File Storage Disaster Recovery

CephFS Mirror is a feature of the Ceph file system designed to enable asynchronous data replication between different Ceph clusters, thereby providing cross-cluster disaster recovery. Its core functionality is to synchronize data in a primary-backup mode, ensuring that the backup cluster can rapidly take over services if the primary cluster experiences a failure.

WARNING

CephFS Mirror performs incremental synchronization based on snapshots, with the default snapshot interval set to once per hour (configurable). The differential data between the primary and backup clusters typically consists of the amount of data written within one snapshot cycle.
CephFS Mirror solely provides the backup of underlying storage data and is incapable of handling the backup of Kubernetes resources.

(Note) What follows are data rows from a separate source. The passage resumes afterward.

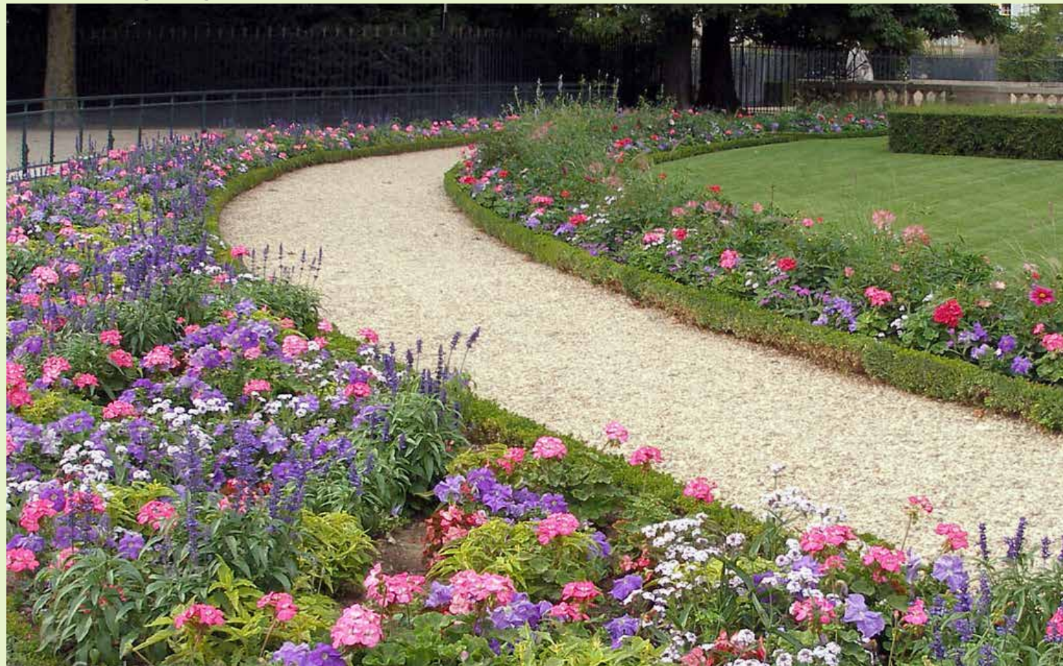
jardin du Luxembourg- www.gardener.ru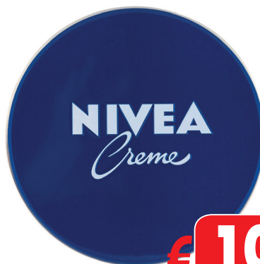
CREMA NIVEA ML 150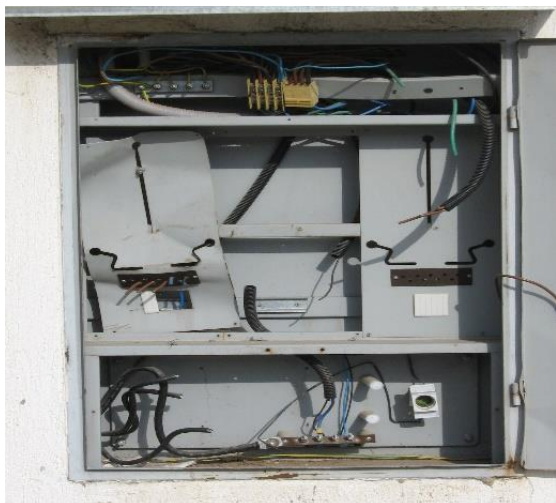
Slika 2. Jedan od mnogobrojnih uništenih/opljačkanih razvodnih ormarića za struju

troškove za revitalizaciju celog sistema. Posebno sa aspekta „izgubljene dobiti“ !!! 3 . Epilog: veštak je uspešno rešio zahtev oštećenog.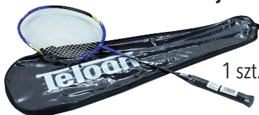
Rakieta TeloonT L300 - jednoczęściowa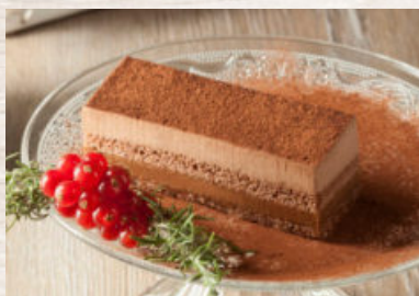
BANDA DE CHOCOLATE CRUJIENTE

Please utilize the platform's Backup and Restore feature to back up PVC and PV resources in conjunction.

Terminology

Term	Explanation
Primary Cluster	The cluster currently providing storage services.
Secondary Cluster	Cluster for backup.

Backup Configuration

Prerequisites

Prepare two clusters suitable for deploying Alauda Build of Rook-Ceph, namely the Primary cluster and the Secondary cluster, ensuring that the networks between the clusters are interconnected.
The platform versions used by both clusters (v3.12 and above) must be consistent.
Create a distributed storage service in both the Primary and Secondary clusters
Create file storage pools with the same name in both the Primary and Secondary clusters.

Procedure

Enable the Mirror for the file storage pool in the Secondary cluster

Execute the following commands on the Control node of the Secondary cluster:

Command Line

Output

kubectl -n rook-ceph patch cephfilesystem <fs-name> \
--type merge -p '{"spec":{"mirroring":{"enabled": true}}}'

Parameters:

<fs-name>: Name of the file storage pool.

Obtain the Peer Token

This token is the key credential for establishing a mirroring connection between the two clusters.

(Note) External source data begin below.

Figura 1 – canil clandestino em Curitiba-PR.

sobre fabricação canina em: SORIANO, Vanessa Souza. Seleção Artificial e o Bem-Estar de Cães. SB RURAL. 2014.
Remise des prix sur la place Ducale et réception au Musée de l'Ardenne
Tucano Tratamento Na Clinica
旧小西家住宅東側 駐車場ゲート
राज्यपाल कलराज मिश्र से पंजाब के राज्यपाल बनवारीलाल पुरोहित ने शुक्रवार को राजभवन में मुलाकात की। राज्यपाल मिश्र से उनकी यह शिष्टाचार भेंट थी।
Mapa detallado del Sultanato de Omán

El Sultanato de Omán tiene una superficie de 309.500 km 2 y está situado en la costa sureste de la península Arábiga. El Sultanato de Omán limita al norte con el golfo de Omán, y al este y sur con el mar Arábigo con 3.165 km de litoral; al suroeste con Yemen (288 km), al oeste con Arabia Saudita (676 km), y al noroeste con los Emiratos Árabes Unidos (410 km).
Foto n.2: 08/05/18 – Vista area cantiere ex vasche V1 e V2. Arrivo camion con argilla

Execute the following commands on the Control node of the Secondary cluster:

Command

Output

kubectl get secret -n rook-ceph \
$(kubectl -n rook-ceph get cephfilesystem <fs-name> -o jsonpath='{.status.info.fsMirrorBootstrapPeerSecretName}') \
-o jsonpath='{.data.token}' | base64 -d

Parameters:

<fs-name>: Name of the file storage pool.

Create Peer Secret in the Primary cluster

After obtaining the Peer Token from the Secondary cluster, it is necessary to create a Peer Secret in the Primary cluster.

Execute the following commands on the Control node of the Primary cluster:

Command

Output

kubectl -n rook-ceph create secret generic fs-secondary-site-secret \
--from-literal=token=<token> \
--from-literal=pool=<fs-name>

Parameters:

<token>: The token obtained in step 2.
<fs-name>:Name of the file storage pool.

Enable the Mirror for the file storage pool in the Primary cluster

Execute the following commands on the Control node of the Primary cluster:

Command

Sample

Output

kubectl -n rook-ceph patch cephfilesystem <fs-name> --type merge -p \
'{
  "spec": {
    "mirroring": {
      "enabled": true,
      "peers": {
        "secretNames": [
          "fs-secondary-site-secret"
        ]
      },
      "snapshotSchedules": [
        {
          "path": "/",
          "interval": "<schedule-interval>"
        }
      ],
      "snapshotRetention": [
        {
          "path": "/",
          "duration": "<retention-policy>"
        }
      ]
    }
  }
}'

Parameters:

<fs-name>:Name of the file storage pool.
<schedule-interval>:Snapshot execution cycle. For details, please refer to the official documentation.
<retention-policy>: Snapshot retention policy. details, please refer to the official documentation.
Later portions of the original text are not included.